Electronic mail and social
media of various sorts have obviously made communications among people not
located in the same place much faster and easier. This has enhanced the
productivity of workers and the speed with which work gets done, but it also
presents risks not often encountered with face-to-face or even written
communications that had to be typed and mailed. Electronic communications now
makes it too easy for someone to send an intemperate message to a large number
of people, any of whom can forward it on to others not meant to see it.
Temperance remains one of
the central tenets of virtue ethics. While that word has acquired others
connotations, such as abstinence from alcohol, the term originally meant
restraint, control, and most importantly, self-control. The temperate person
knows when to speak and when to keep quiet, when to act and when not to. And
temperance works both ways, not only for the person initiating an action, but
also for those who must decide how to respond to it.
Electronic communications
requires that we pay attention to temperance as never before. The rising
incidence of teenagers bullying each other on social media shows how much we
need to teach the value of temperance and to give children the tools to know
how to deal with the intemperance of others. The same goes for the workplace.
Colleagues and co-workers need to temper the urge to act intemperately and to
temper their responses to others who don’t.
As this case suggests, we
don’t always know where intemperate behavior begins. Did the person creating
tension on the project team act intemperately and so deserve to be reassigned
or did the partner in charge of the project act too rashly in making that
reassignment? Whatever the specifics of that situation, however, it seems clear
that the person who sought to provoke a protest in the office via e-mail did
not think through the consequences of her decision before she acted. Would she
have sent those messages if she knew that her call for insurrection would get
read by the leadership of the firm as well as the client and consultants?
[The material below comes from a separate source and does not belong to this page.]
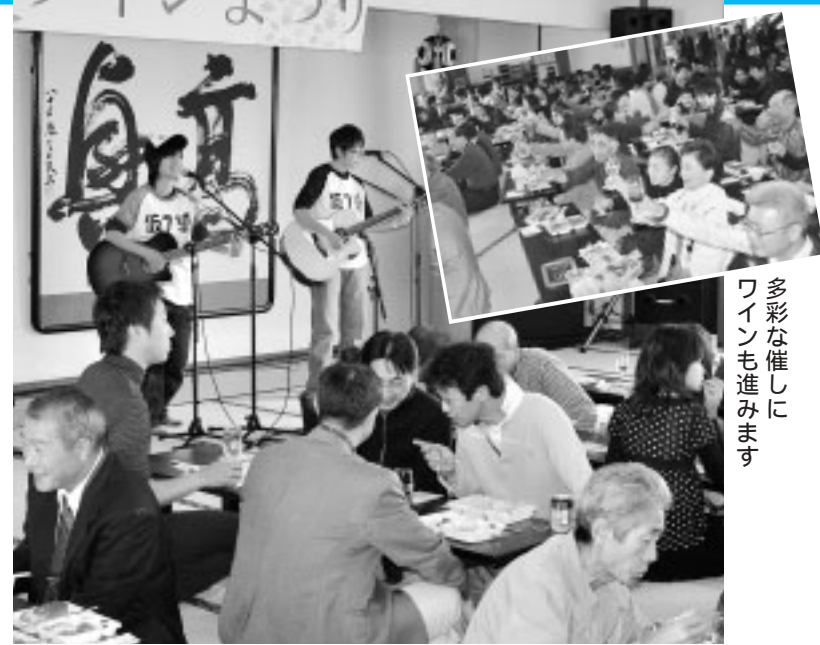
多彩な催しにワインも進みます

Probably not, unless she didn’t care whether or not she kept her job.
That raises the question
of what the leadership in the firm should do, given what happened. Should they
fire her for insubordination, or would that simply add another intemperate act
on top of hers? Temperance becomes more difficult the more intemperate others
have been, which makes it all the more important to model self-control in
situations like this. The power and persuasiveness of leaders lie in their
ability, as Rudyard Kipling put it, to keep their heads when others are losing
theirs, and so not reacting rashly becomes a way of demonstrating leadership
and showing others where it lies.
Rather than fire the
messenger, the head of the firm asked her to apologize to all who had received
her e-mail and told her that she must never do such a thing again, to which she
agreed. But as so often happens to the intemperate, her colleagues shunned her
after that incident; she soon left the firm and is now living in a more
temperate clime.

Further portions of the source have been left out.